I am working on a large fortran code and before to compile with fast options (in order to perform test on large database), I usually compile with "warnings" options in order to detect and backtrace all the problems.
So with the gfortran -fbacktrace -ffpe-trap=invalid,zero,overflow,underflow -Wall -fcheck=all -ftrapv -g2
compilation, I get the following error:
Program received signal SIGFPE: Floating-point exception - erroneous arithmetic operation.
Backtrace for this error:
#0 0x7fec64cdfef7 in ???
#1 0x7fec64cdf12d in ???
#2 0x7fec6440e4af in ???
#3 0x7fec64a200b4 in ???
#4 0x7fec649dc5ce in ???
#5 0x4cf93a in __f_mod_MOD
at /f_mod.f90:132
#6 0x407d55 in main_loop_
at main.f90:419
#7 0x40cf5c in main_prog
at main.f90:180
#8 0x40d5d3 in main
at main.f90:68
And the portion of the code f_mod.f90:132 is containing a where loop:
! Compute s parameter
do i = 1, Imax
where (dprim .ne. 1.0)
s(:,:,:, :) = s(:,:,:, :) +vprim(:,:,:, i,:)*dprim(:,:,:, :)*dprim(:,:,:, :)/(1.0 -dprim(:,:,:, :))
endwhere
enddo
But I do not see any mistake here. All the other locations are the calls of the subroutine leading to this part. And of course, since it is a SIGFPE error, I have to problem at the execution when I compile gfortran -g1
. (I use gfortran 6.4.0 on linux)
Moreover, this error appears and disappears with the modifications of completely different part of the code. Thus, the problem comes from this where loop ? Or from somewhere else and the backtrace is wrong ? If it is the case how can I find this mistake?
EDIT:
Since, I can not reproduce this error in a minimal example (they are working), I think that the problem comes for somewhere else. But how to find the problem in a large code ?

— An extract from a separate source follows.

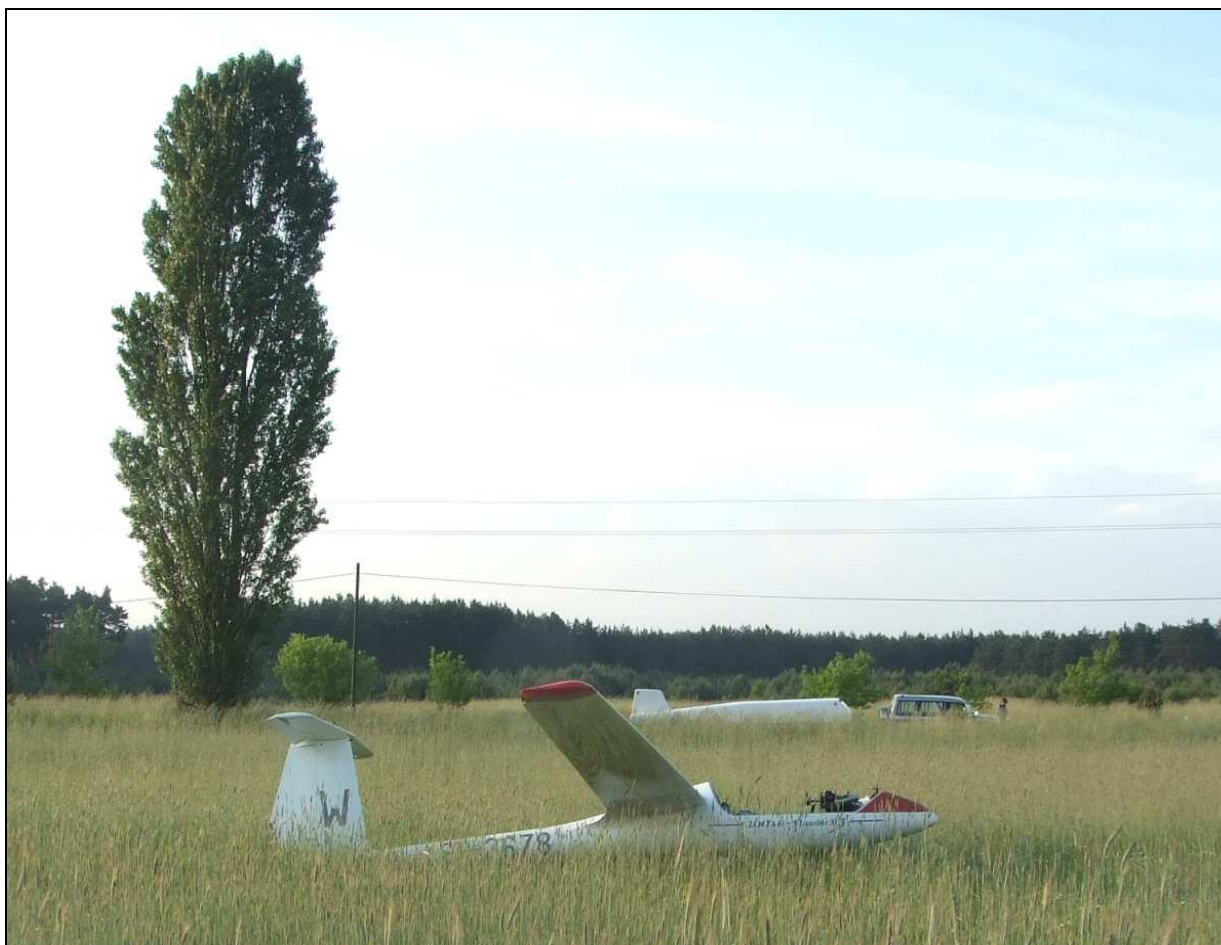
12 – Szybowiec z prawej strony.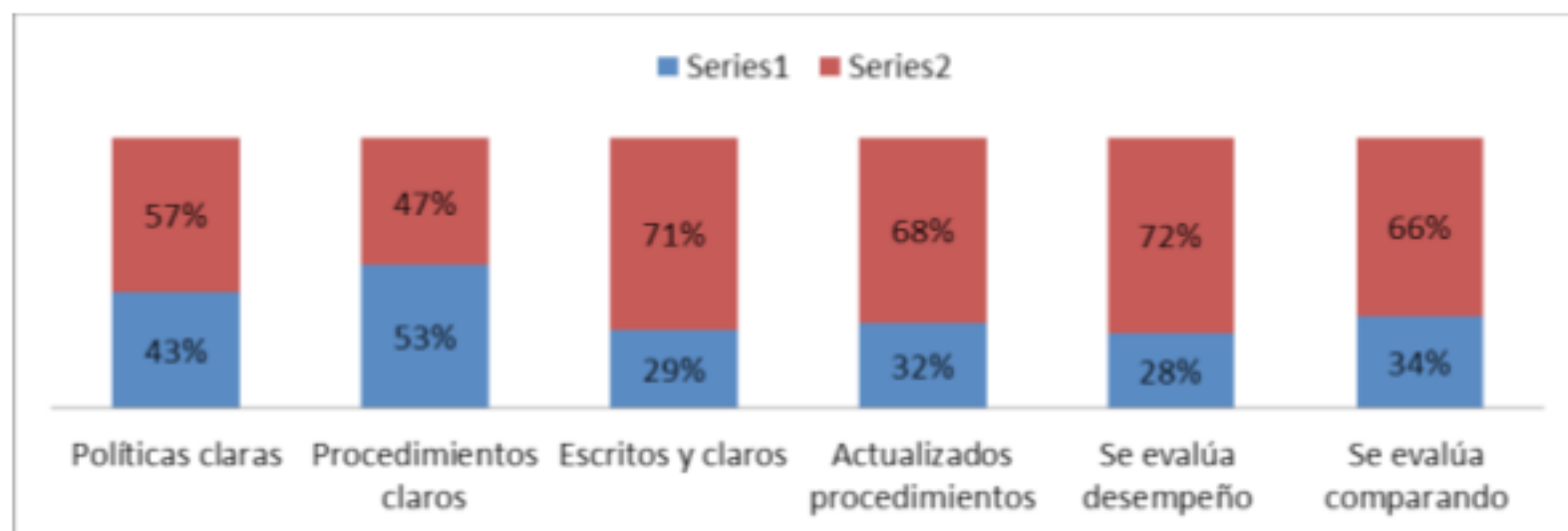
Gráfico 14.2 Eficiencia de políticas y procedimientos

En las mipymes de la región de Huejotzingo se obtuvo una calificación sobre las políticas y procedimientos con una eficiencia del 36%, siendo el resultado de promediar los datos obtenidos de los elementos que integran la categoría, políticas claras con una eficiencia del 43%, existencia de procedimientos claros 53%, la categoría de encontrarse escritos y claros con un 29%, la actualización de procedimientos con un 32%, con un porcentaje de 28% en la evaluación de desempeño del personal y no se evalúa comparando los resultados esperados en relación con los reales en un 34%. La calificación ideal de acuerdo a nuestra metodología sería del 100%. De forma visual los datos se encuentran en la gráfica 3.4.

As the code is dying with a SIGFPE, use each of the individual possible traps to learn if it is a FE_DIVBYZERO, FE_INVALID, FE_OVERFLOW, or FE_UNDERFLOW. If it is an underflow, change your mask to '1 - dprim .ne. 0'.
PS: Don't use array section notation when a whole array reference can be used instead.
PPS: You may want to compute dprim*drpim / (1 - dprim) outside of the do-loop as it is loop invariant.